• [What you should do]
Exercise in exact copying: restate word for word only the lines below from the one containing "中新網(wǎng)7月29日" through the one containing "Портрет милой девочки", omitting any pictures.

Data entries

◇ ◇ ◇ ◇ ◇ ◇ ◇

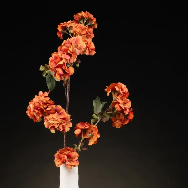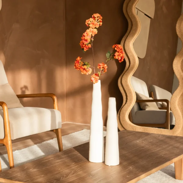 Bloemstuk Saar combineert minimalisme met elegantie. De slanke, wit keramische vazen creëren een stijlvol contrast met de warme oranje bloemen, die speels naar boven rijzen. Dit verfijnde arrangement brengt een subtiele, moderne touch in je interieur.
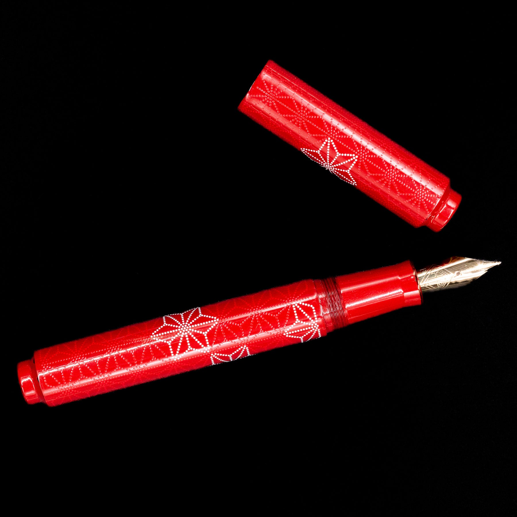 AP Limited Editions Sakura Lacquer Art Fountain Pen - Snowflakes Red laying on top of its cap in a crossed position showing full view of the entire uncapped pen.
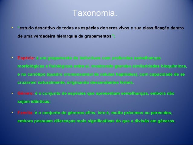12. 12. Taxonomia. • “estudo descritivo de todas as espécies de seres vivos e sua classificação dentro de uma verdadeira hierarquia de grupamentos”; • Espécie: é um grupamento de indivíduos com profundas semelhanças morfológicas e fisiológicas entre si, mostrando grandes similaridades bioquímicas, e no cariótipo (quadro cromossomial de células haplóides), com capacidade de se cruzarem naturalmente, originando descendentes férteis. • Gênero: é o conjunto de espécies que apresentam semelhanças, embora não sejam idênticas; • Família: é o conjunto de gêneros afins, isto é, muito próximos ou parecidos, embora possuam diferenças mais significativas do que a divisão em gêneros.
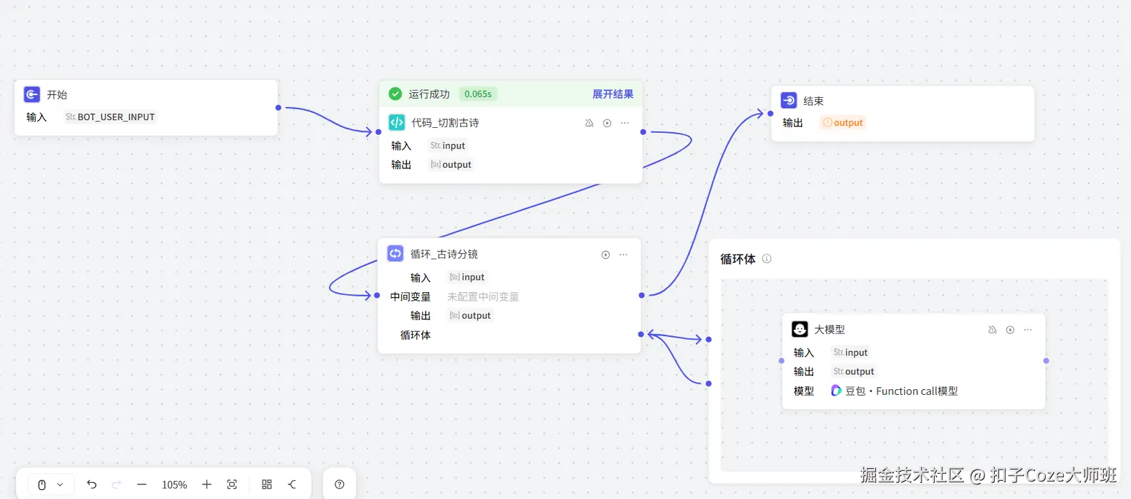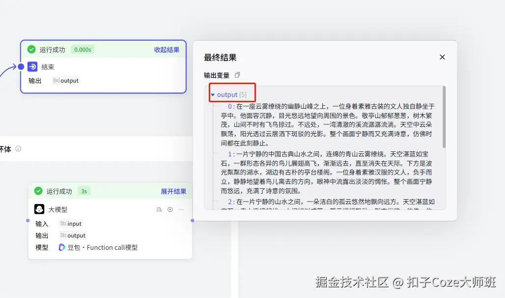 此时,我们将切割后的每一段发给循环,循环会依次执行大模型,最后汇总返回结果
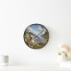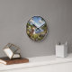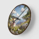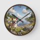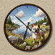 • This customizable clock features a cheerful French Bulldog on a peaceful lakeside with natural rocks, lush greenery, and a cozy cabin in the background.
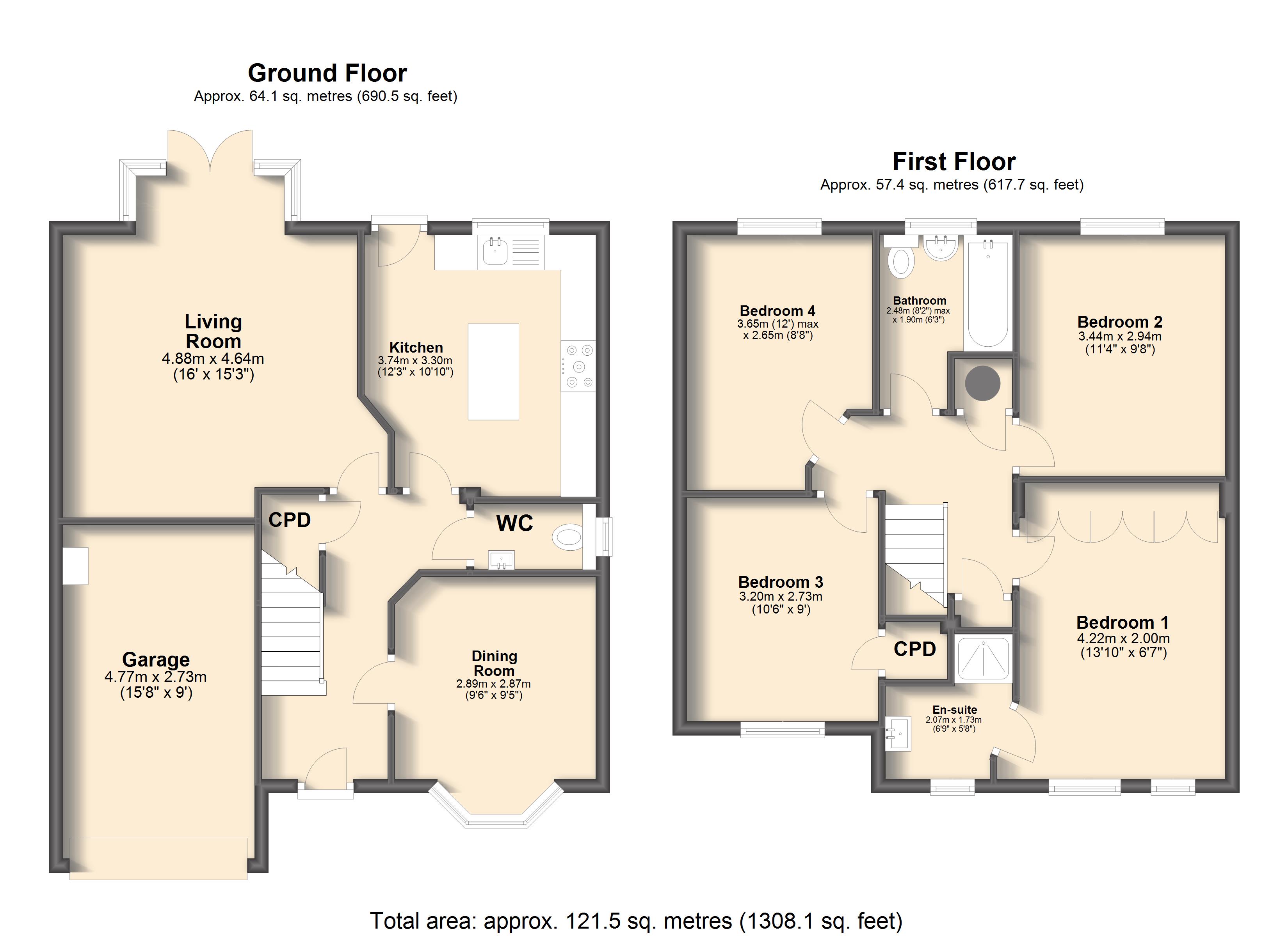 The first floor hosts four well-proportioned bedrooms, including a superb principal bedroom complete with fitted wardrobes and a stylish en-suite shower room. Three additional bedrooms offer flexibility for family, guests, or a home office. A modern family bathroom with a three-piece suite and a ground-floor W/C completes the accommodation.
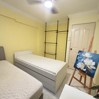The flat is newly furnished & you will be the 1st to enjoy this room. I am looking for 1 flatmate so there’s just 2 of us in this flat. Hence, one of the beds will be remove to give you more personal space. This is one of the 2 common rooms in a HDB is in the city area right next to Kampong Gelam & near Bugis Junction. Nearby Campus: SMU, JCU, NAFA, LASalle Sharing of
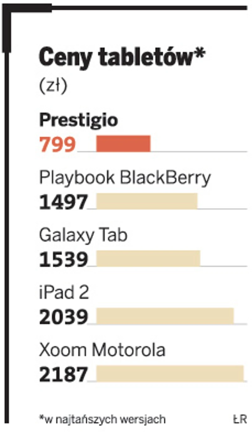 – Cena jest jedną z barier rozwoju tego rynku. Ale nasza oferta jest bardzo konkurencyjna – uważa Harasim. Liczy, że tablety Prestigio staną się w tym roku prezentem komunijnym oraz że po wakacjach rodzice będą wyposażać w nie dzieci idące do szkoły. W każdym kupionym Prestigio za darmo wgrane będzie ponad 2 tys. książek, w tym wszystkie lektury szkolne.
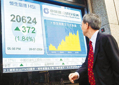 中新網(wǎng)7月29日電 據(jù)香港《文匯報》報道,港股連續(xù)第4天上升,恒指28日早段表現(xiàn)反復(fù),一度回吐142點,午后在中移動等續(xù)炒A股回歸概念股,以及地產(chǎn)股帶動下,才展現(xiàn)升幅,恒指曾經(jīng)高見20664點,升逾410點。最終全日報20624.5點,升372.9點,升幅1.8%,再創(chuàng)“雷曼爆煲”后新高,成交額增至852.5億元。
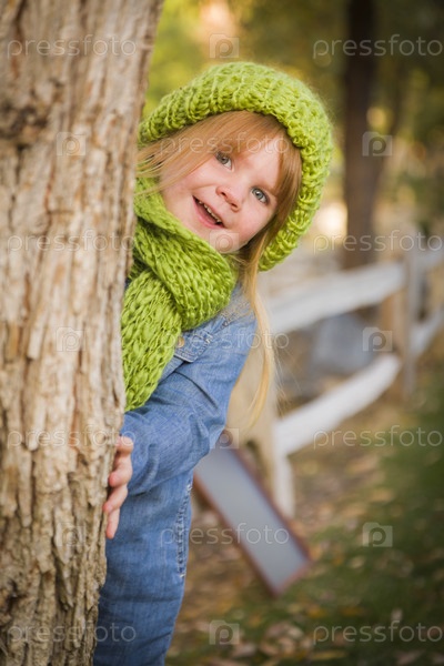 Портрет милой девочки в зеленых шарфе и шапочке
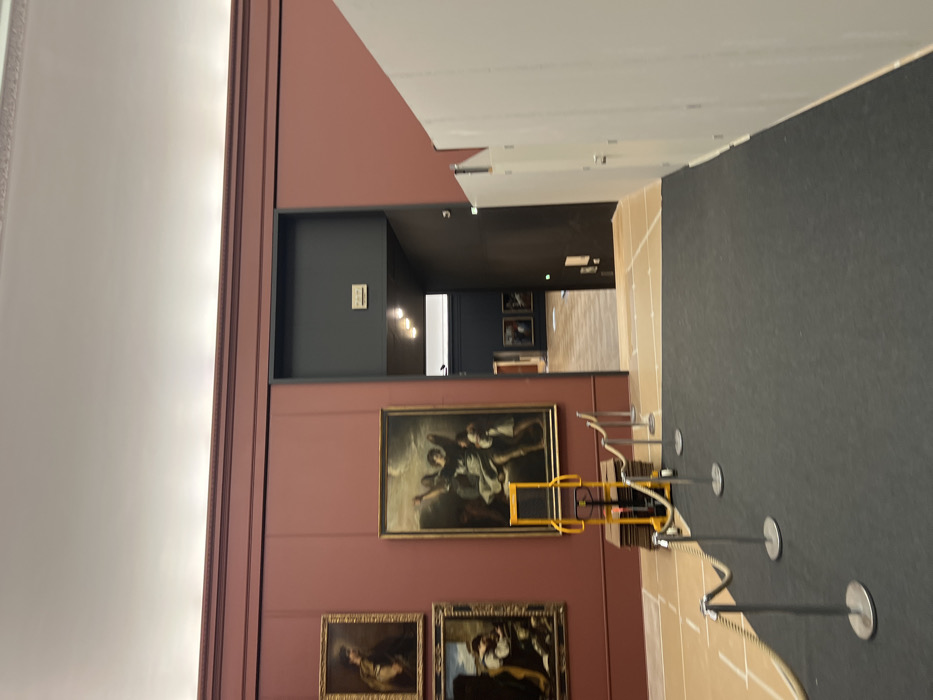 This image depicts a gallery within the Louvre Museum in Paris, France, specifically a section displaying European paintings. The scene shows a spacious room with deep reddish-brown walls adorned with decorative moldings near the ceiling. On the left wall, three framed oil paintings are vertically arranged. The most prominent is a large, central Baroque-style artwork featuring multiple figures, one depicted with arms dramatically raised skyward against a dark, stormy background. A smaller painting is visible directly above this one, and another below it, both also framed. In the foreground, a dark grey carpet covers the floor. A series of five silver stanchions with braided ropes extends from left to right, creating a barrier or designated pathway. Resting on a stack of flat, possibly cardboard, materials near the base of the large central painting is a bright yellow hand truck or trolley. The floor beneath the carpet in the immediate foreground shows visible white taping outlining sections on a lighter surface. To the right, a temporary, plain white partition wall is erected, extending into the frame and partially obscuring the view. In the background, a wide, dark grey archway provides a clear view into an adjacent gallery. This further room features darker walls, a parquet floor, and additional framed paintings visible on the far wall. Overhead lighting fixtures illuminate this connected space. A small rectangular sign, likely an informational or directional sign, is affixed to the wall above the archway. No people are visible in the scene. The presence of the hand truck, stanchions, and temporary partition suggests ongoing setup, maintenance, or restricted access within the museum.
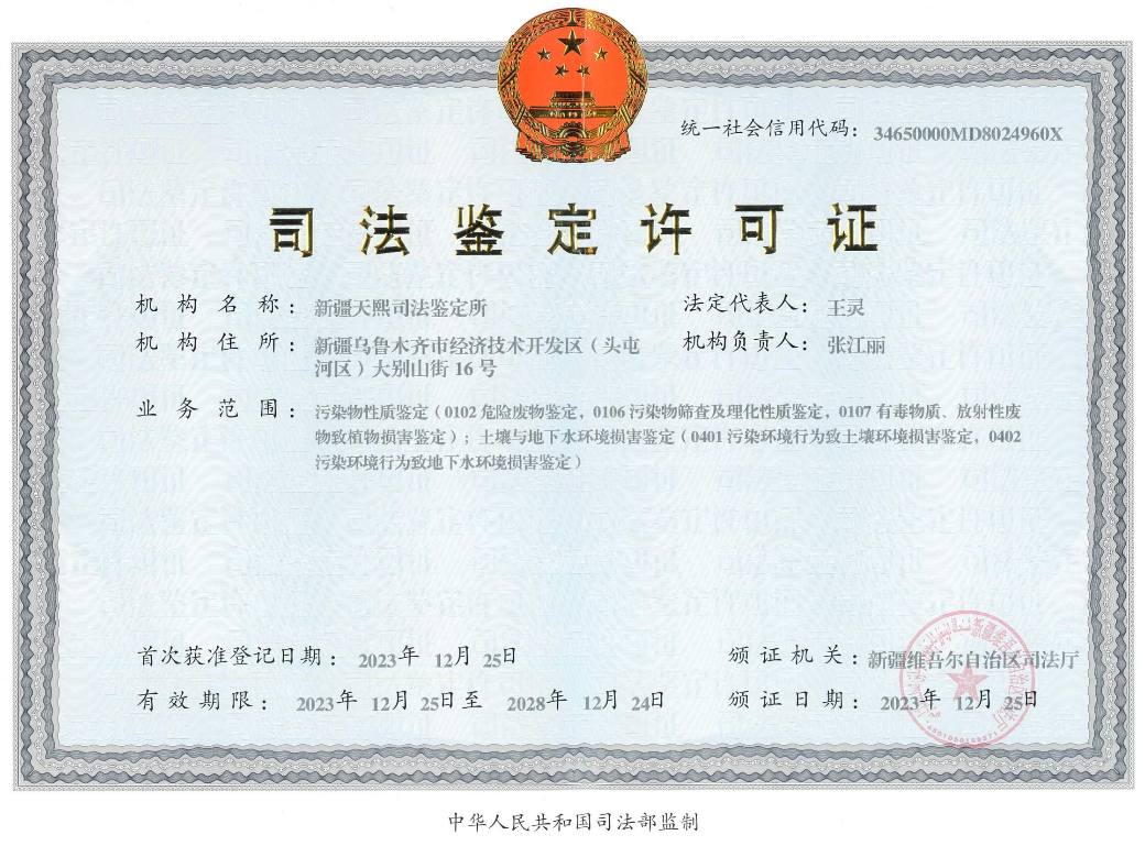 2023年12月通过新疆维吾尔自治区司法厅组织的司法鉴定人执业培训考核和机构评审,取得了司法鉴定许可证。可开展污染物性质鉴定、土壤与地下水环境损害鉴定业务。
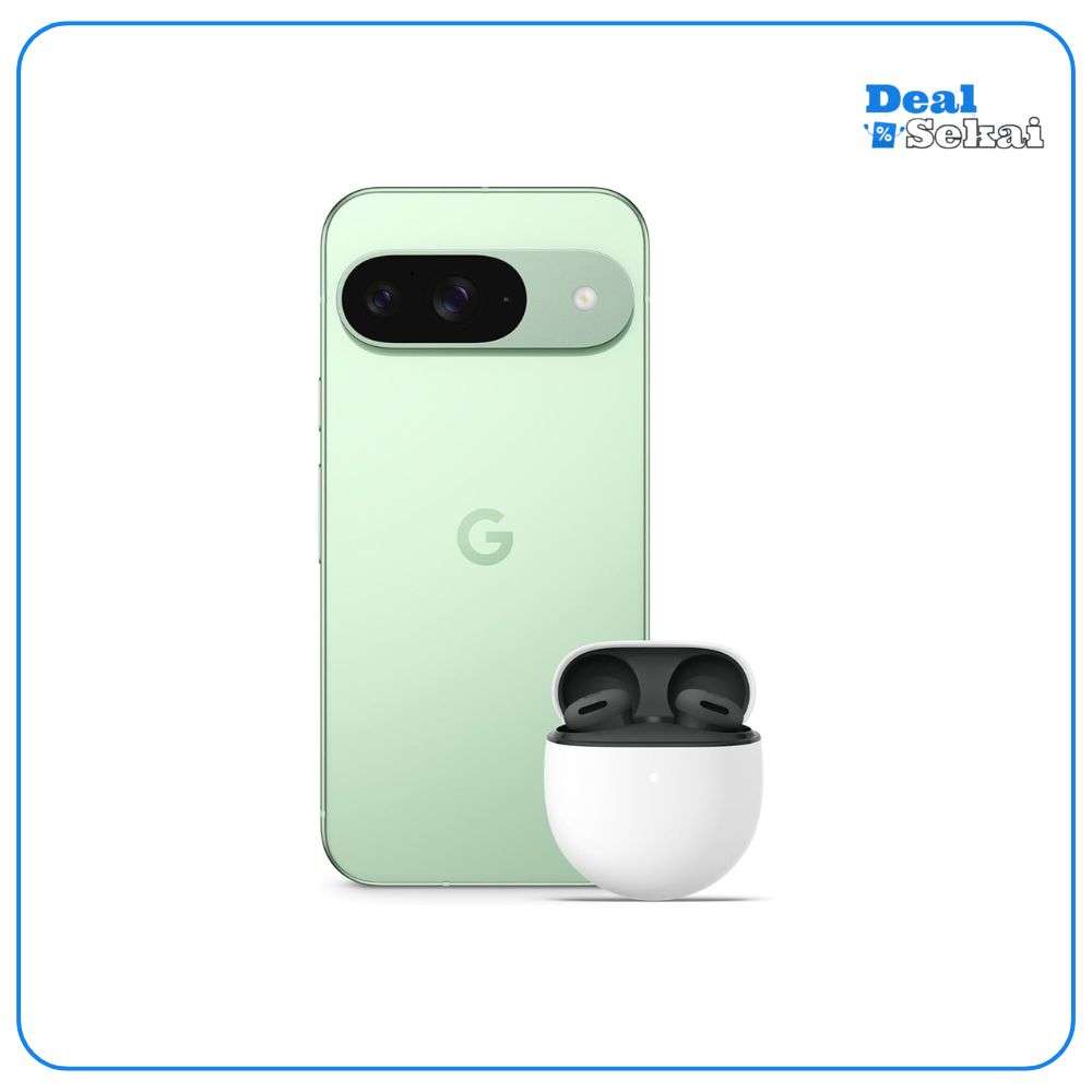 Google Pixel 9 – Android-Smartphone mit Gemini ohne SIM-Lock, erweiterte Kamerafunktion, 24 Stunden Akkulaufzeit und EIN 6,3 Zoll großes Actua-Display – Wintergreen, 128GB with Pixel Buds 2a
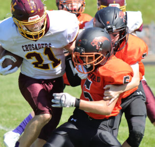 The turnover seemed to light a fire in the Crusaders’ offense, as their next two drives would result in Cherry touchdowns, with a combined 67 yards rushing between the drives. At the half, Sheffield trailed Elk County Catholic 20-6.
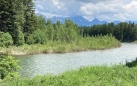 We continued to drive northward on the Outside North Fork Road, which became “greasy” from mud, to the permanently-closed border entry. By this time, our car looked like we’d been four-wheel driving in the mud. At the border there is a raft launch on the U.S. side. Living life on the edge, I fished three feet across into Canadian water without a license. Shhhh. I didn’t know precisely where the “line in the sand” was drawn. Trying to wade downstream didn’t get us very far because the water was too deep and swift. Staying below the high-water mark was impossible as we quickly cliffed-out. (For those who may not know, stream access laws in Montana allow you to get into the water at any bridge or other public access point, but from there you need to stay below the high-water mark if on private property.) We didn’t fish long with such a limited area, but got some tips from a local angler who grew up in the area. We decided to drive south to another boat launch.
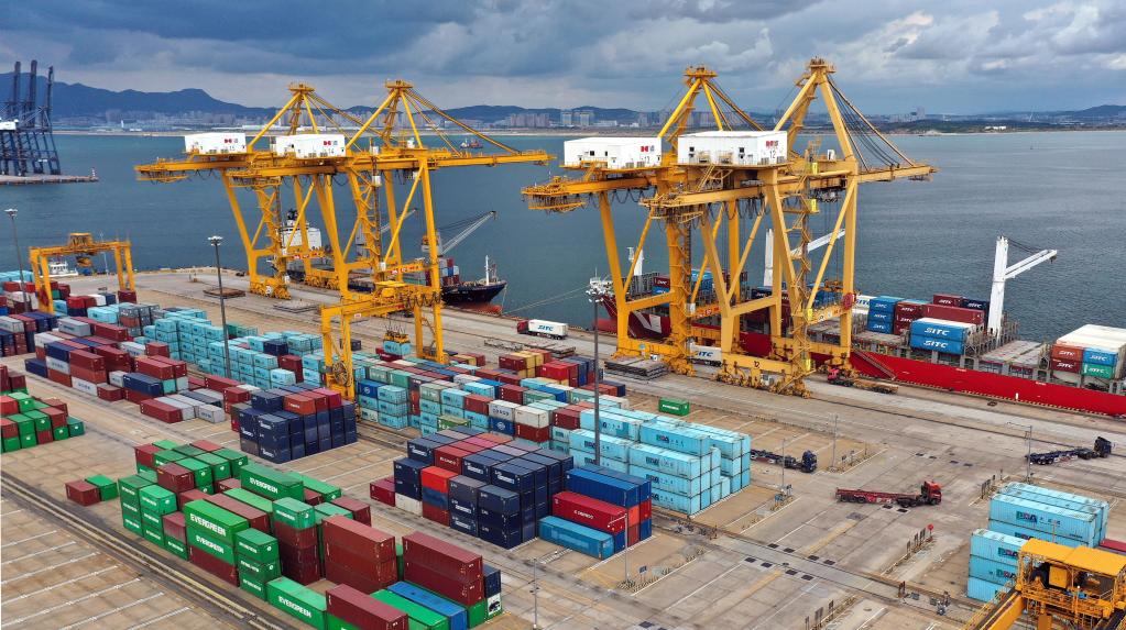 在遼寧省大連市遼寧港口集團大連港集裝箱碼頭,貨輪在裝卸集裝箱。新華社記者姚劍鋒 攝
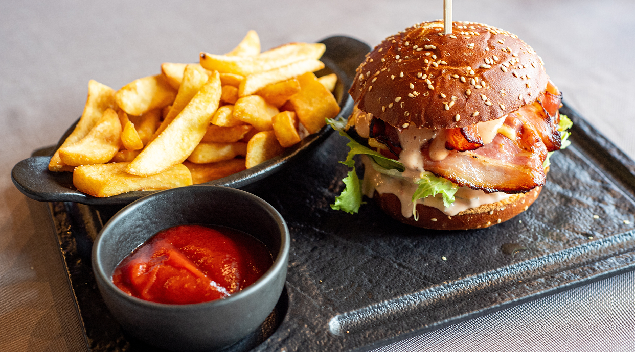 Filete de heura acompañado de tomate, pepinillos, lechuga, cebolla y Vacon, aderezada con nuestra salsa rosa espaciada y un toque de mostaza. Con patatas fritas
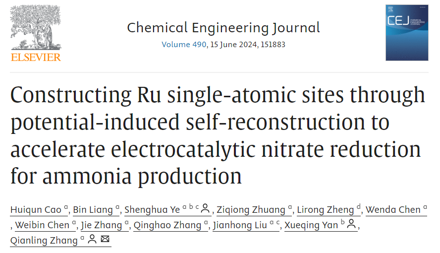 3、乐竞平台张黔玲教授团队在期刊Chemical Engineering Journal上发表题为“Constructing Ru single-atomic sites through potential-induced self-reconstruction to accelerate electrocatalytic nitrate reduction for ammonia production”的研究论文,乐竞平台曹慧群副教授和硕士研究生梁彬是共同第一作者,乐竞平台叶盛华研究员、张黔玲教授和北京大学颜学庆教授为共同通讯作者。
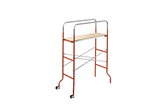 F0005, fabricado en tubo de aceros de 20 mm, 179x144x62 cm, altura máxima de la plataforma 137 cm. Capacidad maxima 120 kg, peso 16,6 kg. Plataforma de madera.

◇ ◇ ◇ ◇ ◇ ◇ ◇

• [Answer below]
 中新網(wǎng)7月29日電 據(jù)香港《文匯報》報道,港股連續(xù)第4天上升,恒指28日早段表現(xiàn)反復(fù),一度回吐142點,午后在中移動等續(xù)炒A股回歸概念股,以及地產(chǎn)股帶動下,才展現(xiàn)升幅,恒指曾經(jīng)高見20664點,升逾410點。最終全日報20624.5點,升372.9點,升幅1.8%,再創(chuàng)“雷曼爆煲”后新高,成交額增至852.5億元。
 Портрет милой девочки в зеленых шарфе и шапочке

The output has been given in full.